In the year 1914, a lone man in a cabin in the woods—literally, a tiny shack in the Dalarna backcountry—sewed up a bunch of backpacks from the finest materials he could find, put them on his bicycle and headed out to try to sell them to the local people. Today his backpacks and high-performance jackets are worn in mountains and cities around the world, and his company looks to his roots as it celebrates a centennial milestone. 

When Viktor Haglöfs succeeded in his stitching and sales efforts, he also drew from the Swedish tradition of naming the company after its hometown or province (think Husqvarna, Hestra, Sandvik or Scania) or the founder’s name (Hasselblad, or even ABBA—Agnetha, Benny, Björn and Anni-Frid). 

Sweden’s most famous firm, IKEA, in fact gives you both—founder Ingvar Kamprad’s initials plus the first letters of the family farm, Elmtayrd, and his hometown, Agunnaryd. 

Viktor Haglöfs chose Haglöfs, and so it was, 100 years ago, outdoor goods manufacturer Haglöfs had its humble beginnings. Today it has become one of the world’s fastest-growing outdoor brands, active not only in backpacks but also footwear and especially clothing. A major brand in Japan, it has its own retail outlets and national distribution network.

“What makes us different is we are a premium brand featuring technical gear,” says Ken Enomoto, marketing manager of Haglöfs Japan from his office in Ichigaya, Tokyo.

“The customer doesn’t have to worry about performance when using our gear. We use a very precise method in cutting our patterns from a single piece of material.
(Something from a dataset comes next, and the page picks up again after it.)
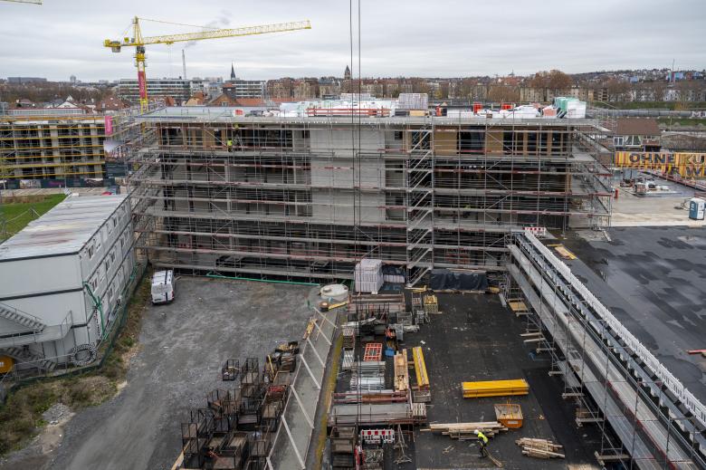 Die Konstruktion als moderner Hybridbau verbunden mit der besonderen Lage und den hohen Anforderungen an Nachhaltigkeit und das pädagogische Konzept erforderte eine intensive Zusammenarbeit aller am Bau Beteiligten. Der erste Meilenstein wurde nach nur rund 16 Monaten Bauzeit mit dem Richtfest gefeiert. Die Schülerinnen und Schüler der Ganztagesgrundschule sowie die Kitakinder sollen zum Schuljahr 2025/26 einziehen. Der Start des Volkshochschul-Betriebs ist für Sommer 2025 vorgesehen.

It costs more, but results in a product much stronger and more beautiful. Skiers, climbers and guides all use our gear, and we use their feedback to make sure it’s even better,” Enomoto said.

For years, Haglöfs was known primarily for its tough backpacks but, in the 1980s, began to add a few tents, sleeping bags and footwear to the mix. In 1995, the company received a license to use Gore-Tex® fabric and began a line of clothing as well. 
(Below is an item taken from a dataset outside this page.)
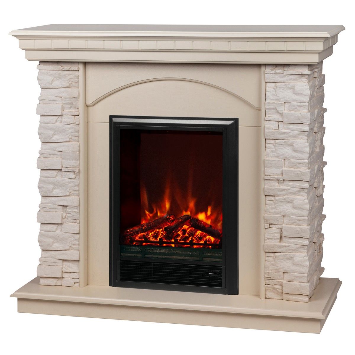 Электрический камин RealFlame Eugene — это обязательный предмет интерьера для вашей гостиной, кухни, спальни или прихожей его предназначением является украшение и декорация вашего дома или офисного помещения. Достигается это посредством имитации пламени на экране очага и конвекторного обогревателя встроенного в корпус. Двухуровневый тепловентилятор обогреет за полчаса любое помещение — спальню, кухню, его можно просто поставить на пол или встроить в каминное обрамление, в нишу или в мебель — есть датчик защиты от перегрева. Камин используют в любую погоду зимой, осенью или весной, в квартире или на даче. Летом можно не включать обогрев — проекционная технология пламени имитирующая настоящий огонь работает в независимом режиме. У электрического очага Eugene по мимо звуковой имитации потрескивания дров есть дополнительные особенности: Пульт ДУ, регулировка яркости пламени, таймер отключения. Камин достаточно универсален в выборе стиля и дизайна оформления помещения.
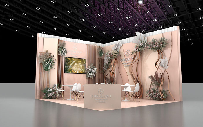 广州婚博会展位设计中山喜来登酒店先用了粉色设计,加上花朵与线条的衬托,展现出了婚礼的浪漫、甜蜜。

“Today backpacks and sleeping bags account for about 15 percent of our sales,” says Fredrik Kjellberg, Global Marketing Manager at Haglöfs Scandinavia AB. “Footwear accounts for another 15 percent, and clothing is now a full 70 percent.”

In Japan, a local distributor represented Haglöfs from about the time it began making clothing. Today, Enomoto says, the company is well established. “We have our own branded stores in Sapporo, Harajuku in Tokyo, Osaka and Fukuoka, as well as shop-in-shop stores around the country.” 

In fact, the company is actually owned by Japanese sporting goods manufacturer Asics, although operations remain centered in Sweden.

So while Haglöfs is still in many ways an active, growing, youthful organization, it is turning 100 this year. Anniversary celebrations are a given for a major milestone such as this—and there have been events in Japan as well as in other markets—but the company decided to go back to its roots to really mark its centennial.

“We quickly agreed that, since we started with backpacks, the natural thing to do was to create a backpack that would celebrate what we have been doing for 100 years,” Kjellberg says. 

“We didn’t want it just to be a retro backpack; we wanted to take inspiration from a classic old Haglöfs backpack, but produce it for the modern person. Since we started in the small village of Torsång—not even a village, really, but a farm, basically—we thought it would be really cool if we could make it in Sweden.”

The idea might have been cool, but it also turned out to be tough. There isn’t much manufacturing actually going on in Sweden these days; Haglöfs has been producing many of its products in Asia since the 1980s. 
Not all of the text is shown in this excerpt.